Your practice moves between intimate, wall-based textile works and large-scale public or site-specific installations. How do you decide which format a particular idea requires?

I believe each idea has its own image; colour, material, size, texture and placement serve its unfolding. When an idea first appears, the image can be indistinct, while sometimes particular fragments reveal themselves immediately. When I work with the urban environment I often start from the site itself — its history and the personal memories it awakens in me. Scale affects composition and the viewer’s perception in different ways: a large format defines the environment and creates a sense of scale and significance, while smaller works demand close inspection and attention to detail. I am drawn to the contrast that occurs when a large form, on closer inspection, is made up of finer parts, such as embroidery.

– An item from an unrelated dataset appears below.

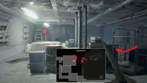 Далее необходимо направиться в убежище Лукаса (тестовая зона), которое расположено сбоку от автофургона. Чтобы пробраться в это здание вам понадобятся две ключ-карты синего и красного цвета. Попав внутрь, пройдите в 4-е помещение, где находится клетка и бюст со шляпой. Следует взаимодействовать со статуэткой, чтобы получить сокровище – ремонтный комплект.

Natalia Semenova | Memories-in-coral | 2025

Weaving is central to your practice, both materially and conceptually. What does the act of weaving give you that other media cannot?

Tactility and manual labour; variability — weaving can be both a flat image and a volumetric object. I look for interactions between weaving and other materials, for example paper and graphics. The sequence of making is also important: whereas painting and drawing are built up in layers and often allow for corrections — erasing, scraping or painting over — in weaving the work proceeds “from the bottom up”: the design is considered in advance and is gradually formed row by row with threads. Corrections are practically impossible. I appreciate this impossibility of “rewinding” as a concept. Sometimes I have to accept an error made long ago and unnoticed, or invest a great deal of time to correct it — there is something very life-like in that.

Natalia Semenova | Memories-in-lightgreen | 2025

You often describe weaving as a meditative process. How does repetition and manual labor shape your relationship to time while working?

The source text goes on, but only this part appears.